Task prompt: If a line below falls between the line with "Inktober - Day" and the line with "25路、K7路原运行大连路(太原路-临沂", or is one of those two, output it exactly; output nothing else and no pictures.

=== Dataset section ===

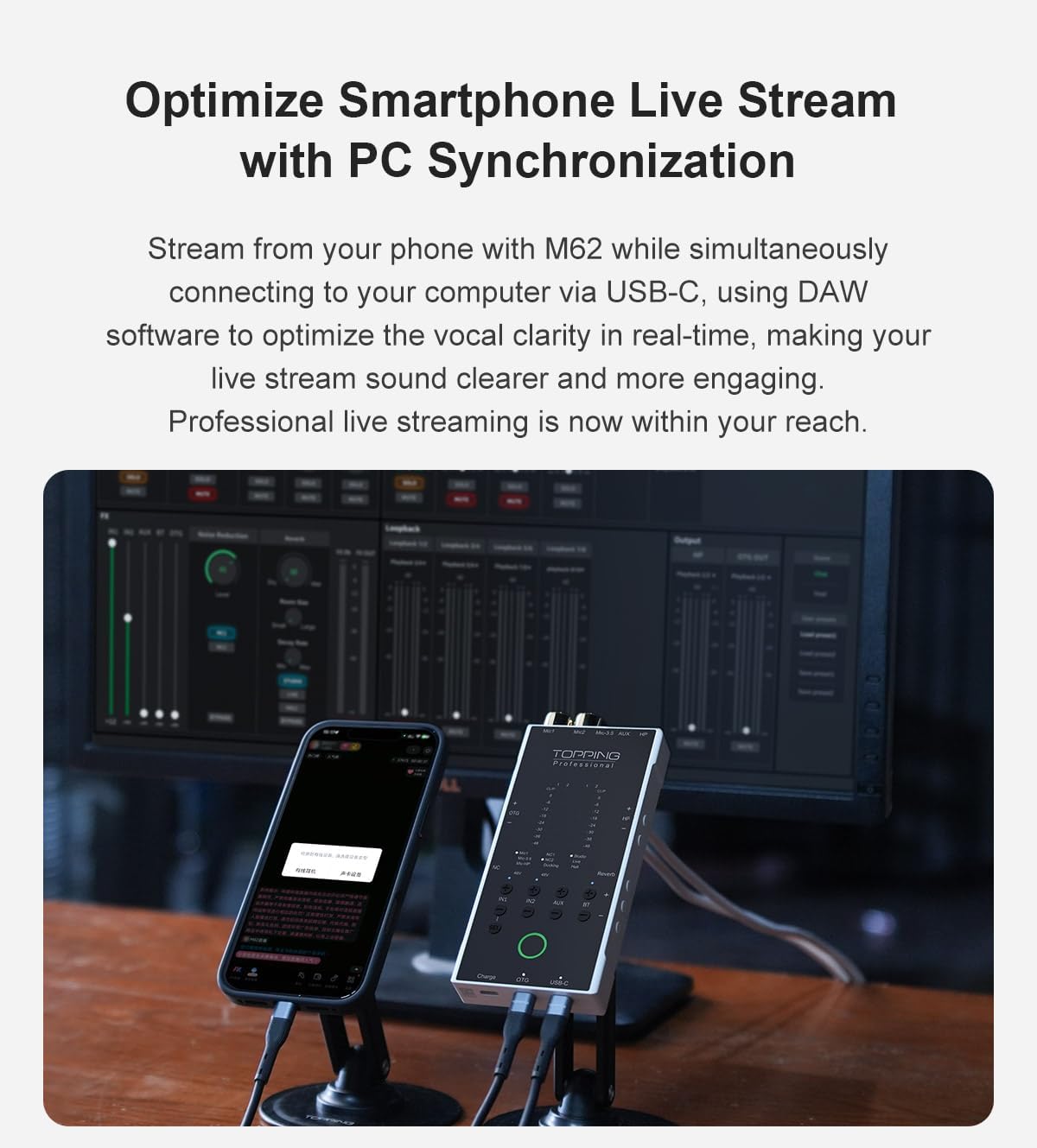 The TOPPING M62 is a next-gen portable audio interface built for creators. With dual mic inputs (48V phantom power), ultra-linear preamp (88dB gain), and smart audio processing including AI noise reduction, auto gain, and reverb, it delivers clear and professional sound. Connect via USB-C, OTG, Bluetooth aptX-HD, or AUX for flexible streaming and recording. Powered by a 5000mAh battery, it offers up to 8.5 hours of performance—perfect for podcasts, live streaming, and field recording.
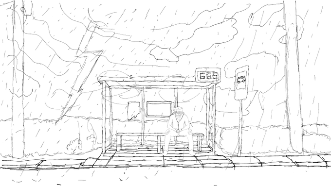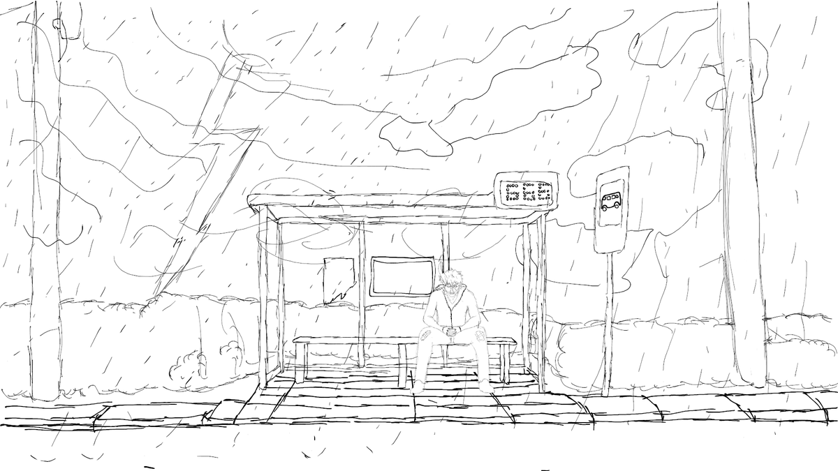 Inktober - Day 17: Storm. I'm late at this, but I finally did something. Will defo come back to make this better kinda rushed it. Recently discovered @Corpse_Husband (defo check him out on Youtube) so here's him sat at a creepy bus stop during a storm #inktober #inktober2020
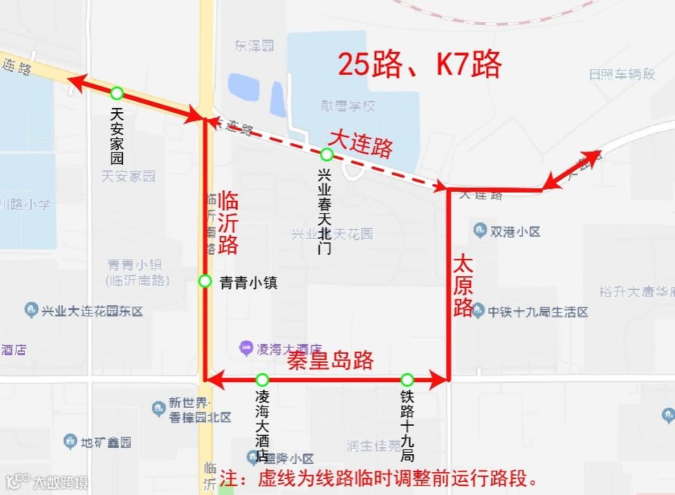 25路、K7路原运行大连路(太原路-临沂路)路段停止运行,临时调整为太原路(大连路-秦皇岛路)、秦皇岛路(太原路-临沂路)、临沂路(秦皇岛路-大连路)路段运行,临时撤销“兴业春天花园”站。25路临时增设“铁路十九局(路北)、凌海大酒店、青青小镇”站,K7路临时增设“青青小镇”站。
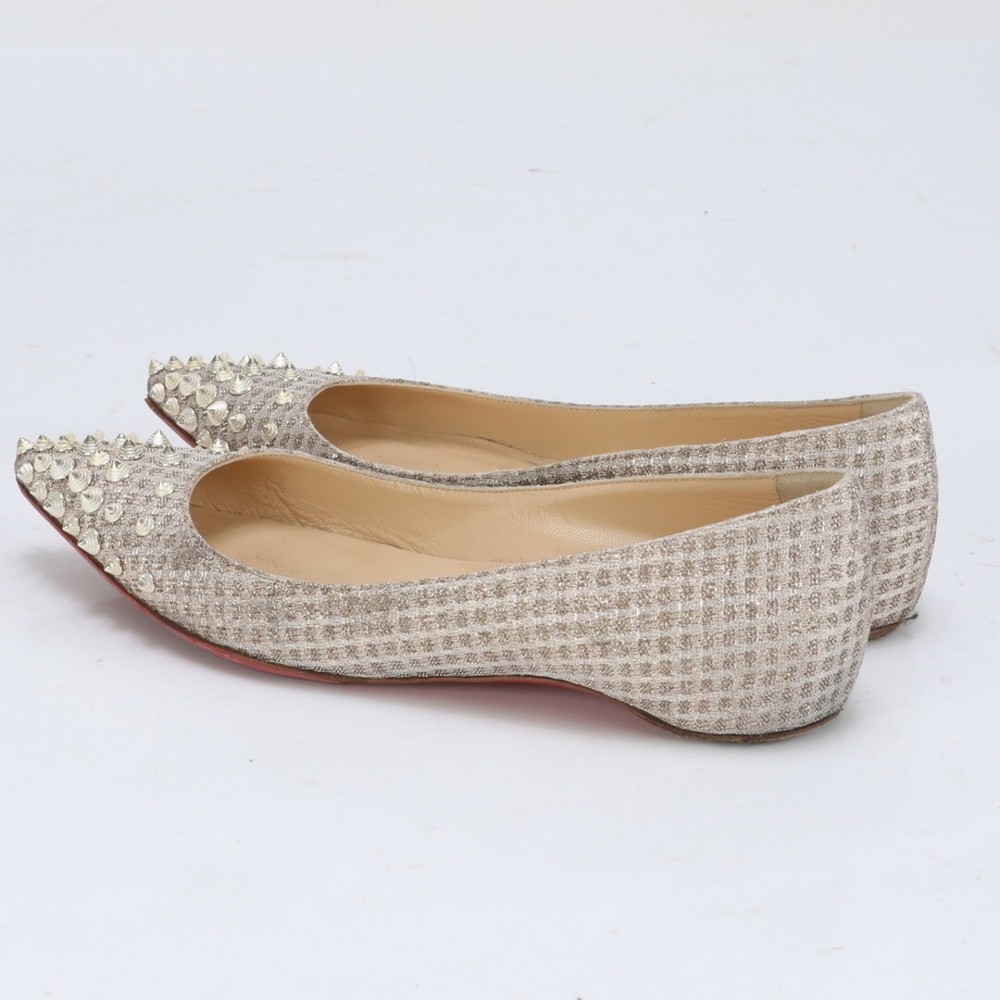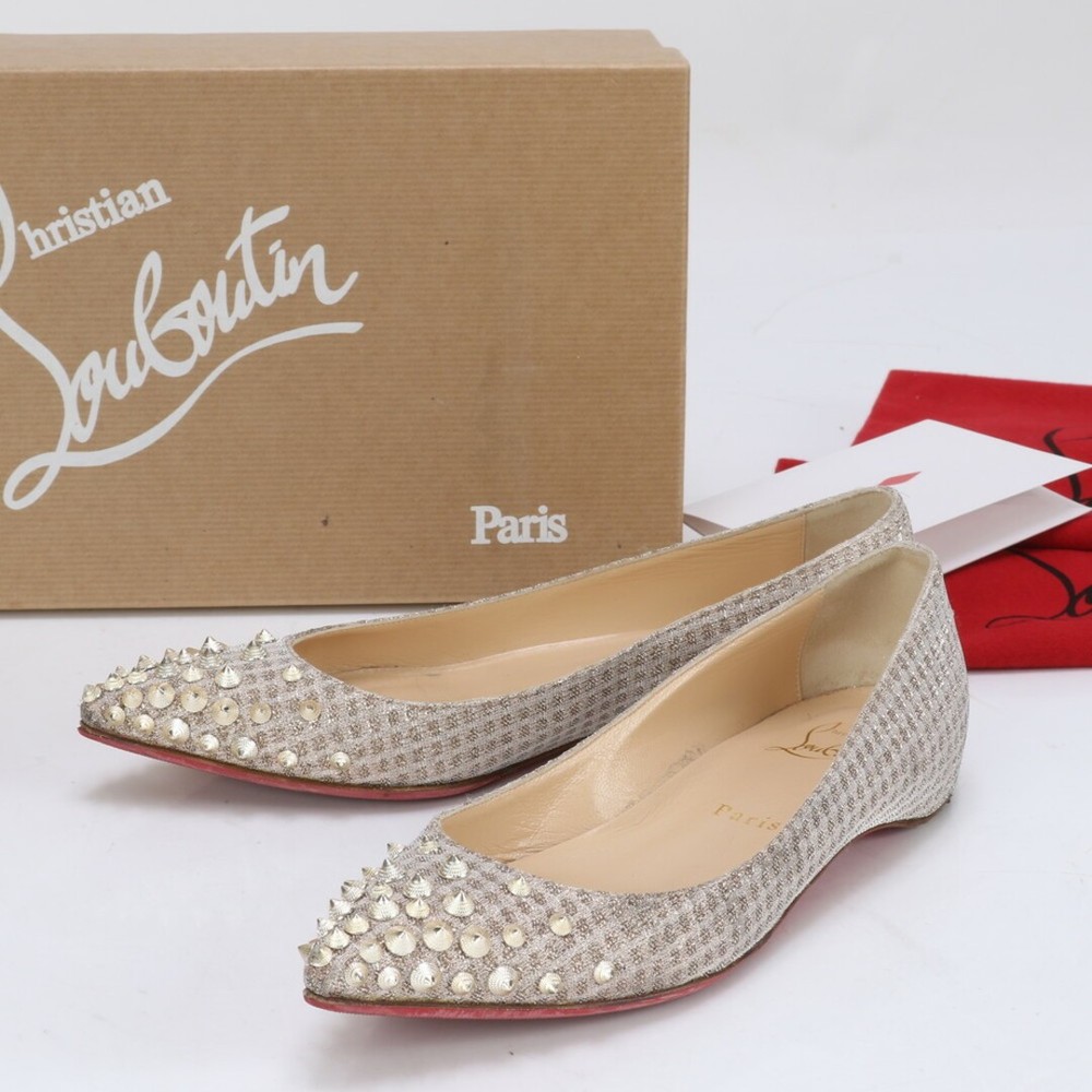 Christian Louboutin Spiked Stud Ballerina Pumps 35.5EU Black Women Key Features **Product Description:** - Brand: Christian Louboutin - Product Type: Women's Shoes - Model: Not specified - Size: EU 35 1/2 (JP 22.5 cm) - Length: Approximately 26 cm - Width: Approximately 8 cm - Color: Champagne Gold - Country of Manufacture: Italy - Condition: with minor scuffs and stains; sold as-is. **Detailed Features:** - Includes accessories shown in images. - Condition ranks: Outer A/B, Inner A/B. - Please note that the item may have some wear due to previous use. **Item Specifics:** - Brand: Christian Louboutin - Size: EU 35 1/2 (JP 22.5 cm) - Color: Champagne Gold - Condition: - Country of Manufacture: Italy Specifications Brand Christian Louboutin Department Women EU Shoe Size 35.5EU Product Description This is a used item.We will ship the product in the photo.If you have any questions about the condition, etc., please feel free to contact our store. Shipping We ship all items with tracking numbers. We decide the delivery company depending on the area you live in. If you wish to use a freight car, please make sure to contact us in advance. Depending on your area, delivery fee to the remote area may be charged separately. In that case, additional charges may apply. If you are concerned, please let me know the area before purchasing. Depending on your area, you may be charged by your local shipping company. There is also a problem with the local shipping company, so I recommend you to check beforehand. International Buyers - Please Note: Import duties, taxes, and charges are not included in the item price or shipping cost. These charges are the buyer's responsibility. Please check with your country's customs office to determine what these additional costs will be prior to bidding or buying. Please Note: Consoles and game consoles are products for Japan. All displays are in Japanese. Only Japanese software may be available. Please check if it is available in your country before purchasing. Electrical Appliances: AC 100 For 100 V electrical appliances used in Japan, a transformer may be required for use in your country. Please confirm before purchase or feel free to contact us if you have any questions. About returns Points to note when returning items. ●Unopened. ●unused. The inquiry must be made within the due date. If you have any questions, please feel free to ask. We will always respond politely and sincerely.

===

The completed task:
 Inktober - Day 17: Storm. I'm late at this, but I finally did something. Will defo come back to make this better kinda rushed it. Recently discovered @Corpse_Husband (defo check him out on Youtube) so here's him sat at a creepy bus stop during a storm #inktober #inktober2020
 25路、K7路原运行大连路(太原路-临沂路)路段停止运行,临时调整为太原路(大连路-秦皇岛路)、秦皇岛路(太原路-临沂路)、临沂路(秦皇岛路-大连路)路段运行,临时撤销“兴业春天花园”站。25路临时增设“铁路十九局(路北)、凌海大酒店、青青小镇”站,K7路临时增设“青青小镇”站。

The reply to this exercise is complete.